- WHAT YOU SHOULD DO -
Among the entries below, one stretch runs from the line that contains "Voluntarii vor parcurge" through the line that contains "Feuerwehrmann Herr Hellbach". Repeat that stretch exactly, ends included, and only that.

SOURCE DATA Start Marker

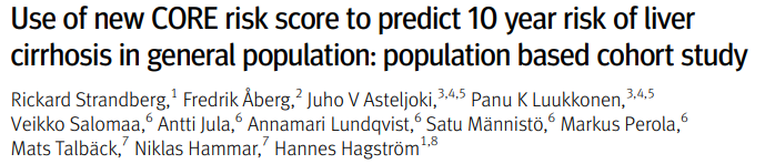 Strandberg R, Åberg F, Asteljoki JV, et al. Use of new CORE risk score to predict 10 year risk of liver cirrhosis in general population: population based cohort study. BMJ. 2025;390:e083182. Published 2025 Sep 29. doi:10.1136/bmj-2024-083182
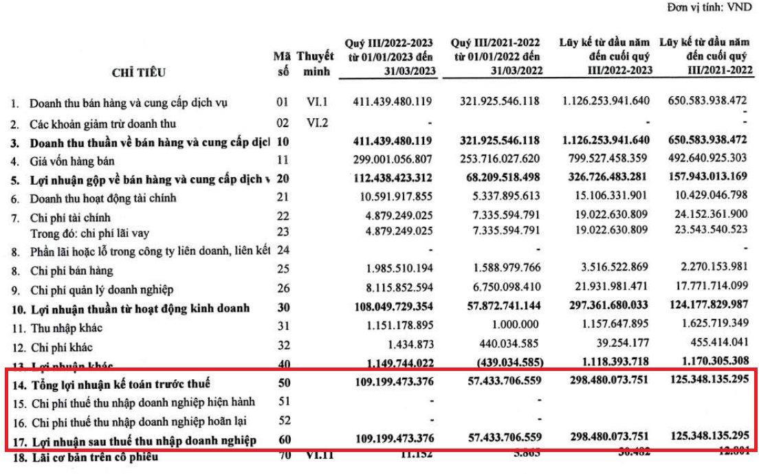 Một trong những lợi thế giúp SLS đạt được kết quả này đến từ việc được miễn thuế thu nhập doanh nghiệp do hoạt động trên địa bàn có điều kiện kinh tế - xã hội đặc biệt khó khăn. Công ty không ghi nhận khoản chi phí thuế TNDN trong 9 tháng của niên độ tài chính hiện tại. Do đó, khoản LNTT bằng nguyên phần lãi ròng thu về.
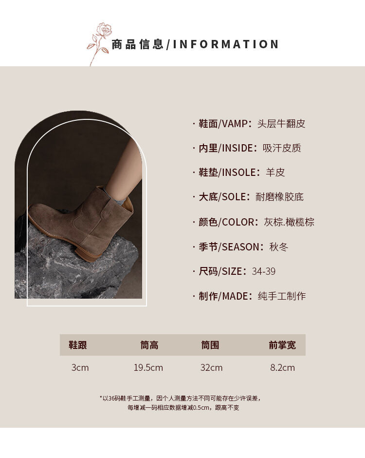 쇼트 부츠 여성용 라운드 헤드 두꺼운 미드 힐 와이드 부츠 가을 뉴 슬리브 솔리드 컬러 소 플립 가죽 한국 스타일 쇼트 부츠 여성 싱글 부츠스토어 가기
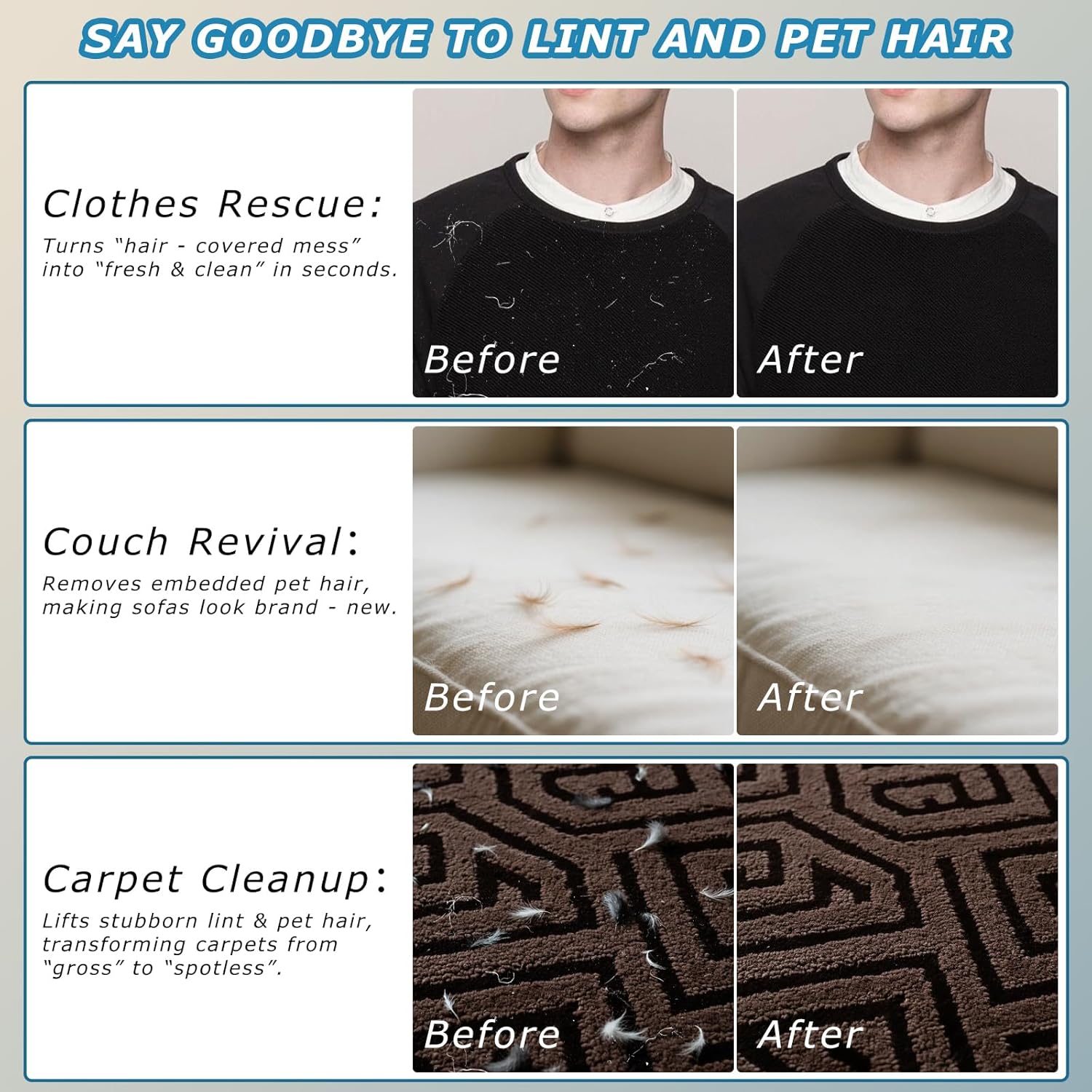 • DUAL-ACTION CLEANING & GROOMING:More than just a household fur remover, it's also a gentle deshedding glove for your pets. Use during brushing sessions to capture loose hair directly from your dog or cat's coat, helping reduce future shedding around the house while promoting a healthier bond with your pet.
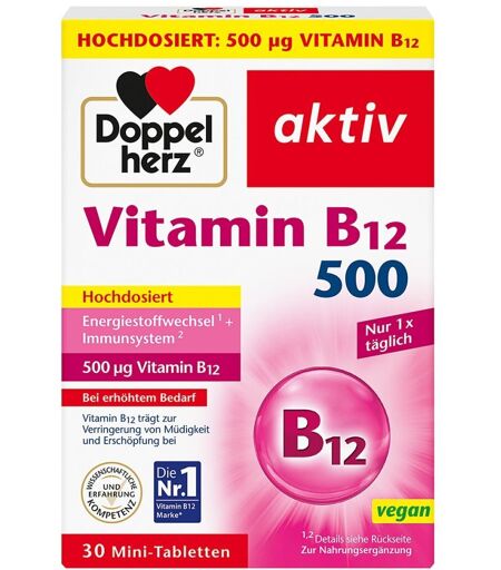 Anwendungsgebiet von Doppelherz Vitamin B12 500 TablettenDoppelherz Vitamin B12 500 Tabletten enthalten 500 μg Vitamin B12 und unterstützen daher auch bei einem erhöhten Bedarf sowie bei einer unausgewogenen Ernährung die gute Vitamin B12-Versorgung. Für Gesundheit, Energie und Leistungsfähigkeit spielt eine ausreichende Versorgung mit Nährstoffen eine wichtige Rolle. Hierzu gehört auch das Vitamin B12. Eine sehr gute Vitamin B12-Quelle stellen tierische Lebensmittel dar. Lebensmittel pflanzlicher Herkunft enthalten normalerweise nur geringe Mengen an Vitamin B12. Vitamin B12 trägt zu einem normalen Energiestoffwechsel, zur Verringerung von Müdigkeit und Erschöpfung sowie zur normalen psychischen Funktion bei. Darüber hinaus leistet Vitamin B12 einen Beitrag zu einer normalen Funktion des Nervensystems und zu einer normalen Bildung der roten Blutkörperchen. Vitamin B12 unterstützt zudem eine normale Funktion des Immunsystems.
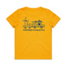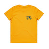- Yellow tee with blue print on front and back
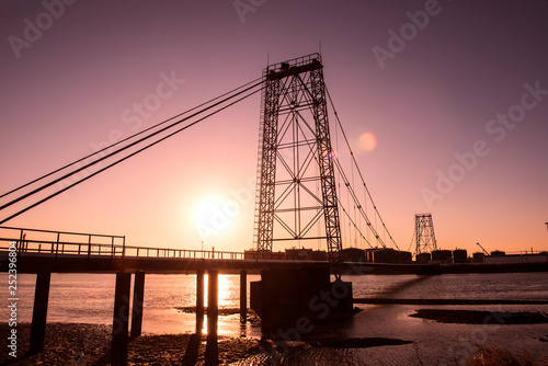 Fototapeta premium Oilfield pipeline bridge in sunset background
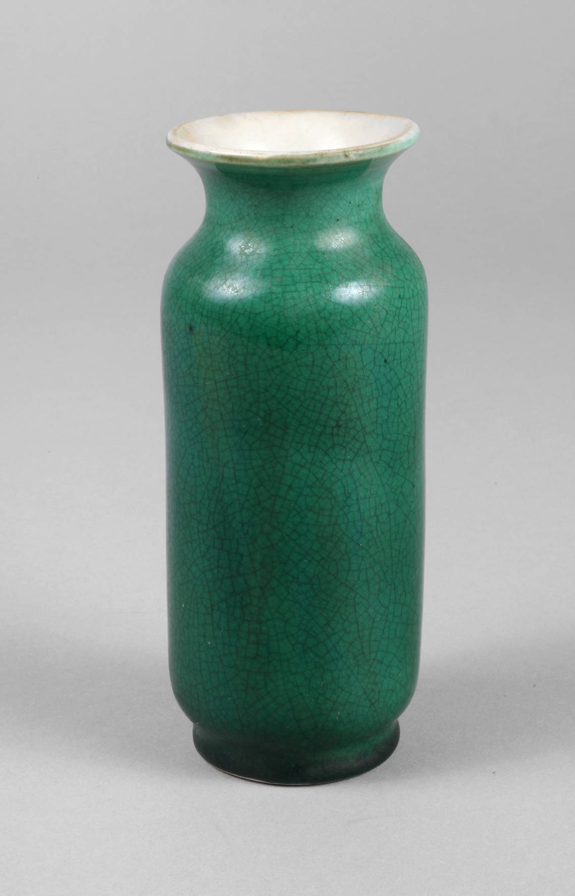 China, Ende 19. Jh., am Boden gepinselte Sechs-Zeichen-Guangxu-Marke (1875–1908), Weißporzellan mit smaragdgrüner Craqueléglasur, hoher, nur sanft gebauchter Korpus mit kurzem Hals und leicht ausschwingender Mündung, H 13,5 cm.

SOURCE DATA End Marker
SOURCE DATA Start Marker

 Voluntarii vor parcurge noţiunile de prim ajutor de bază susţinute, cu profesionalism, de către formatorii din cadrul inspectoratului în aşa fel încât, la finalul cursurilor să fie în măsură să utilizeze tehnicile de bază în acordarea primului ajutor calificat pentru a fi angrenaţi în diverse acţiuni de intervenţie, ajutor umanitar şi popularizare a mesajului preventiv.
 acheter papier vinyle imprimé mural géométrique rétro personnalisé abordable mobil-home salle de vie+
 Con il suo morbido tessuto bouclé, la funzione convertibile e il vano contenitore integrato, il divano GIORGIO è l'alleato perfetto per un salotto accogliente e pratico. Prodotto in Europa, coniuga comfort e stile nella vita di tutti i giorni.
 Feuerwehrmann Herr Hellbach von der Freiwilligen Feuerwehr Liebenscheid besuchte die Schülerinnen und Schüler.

SOURCE DATA End Marker

- RESPONSE TO THE TASK -
 Voluntarii vor parcurge noţiunile de prim ajutor de bază susţinute, cu profesionalism, de către formatorii din cadrul inspectoratului în aşa fel încât, la finalul cursurilor să fie în măsură să utilizeze tehnicile de bază în acordarea primului ajutor calificat pentru a fi angrenaţi în diverse acţiuni de intervenţie, ajutor umanitar şi popularizare a mesajului preventiv.
 acheter papier vinyle imprimé mural géométrique rétro personnalisé abordable mobil-home salle de vie+
 Con il suo morbido tessuto bouclé, la funzione convertibile e il vano contenitore integrato, il divano GIORGIO è l'alleato perfetto per un salotto accogliente e pratico. Prodotto in Europa, coniuga comfort e stile nella vita di tutti i giorni.
 Feuerwehrmann Herr Hellbach von der Freiwilligen Feuerwehr Liebenscheid besuchte die Schülerinnen und Schüler.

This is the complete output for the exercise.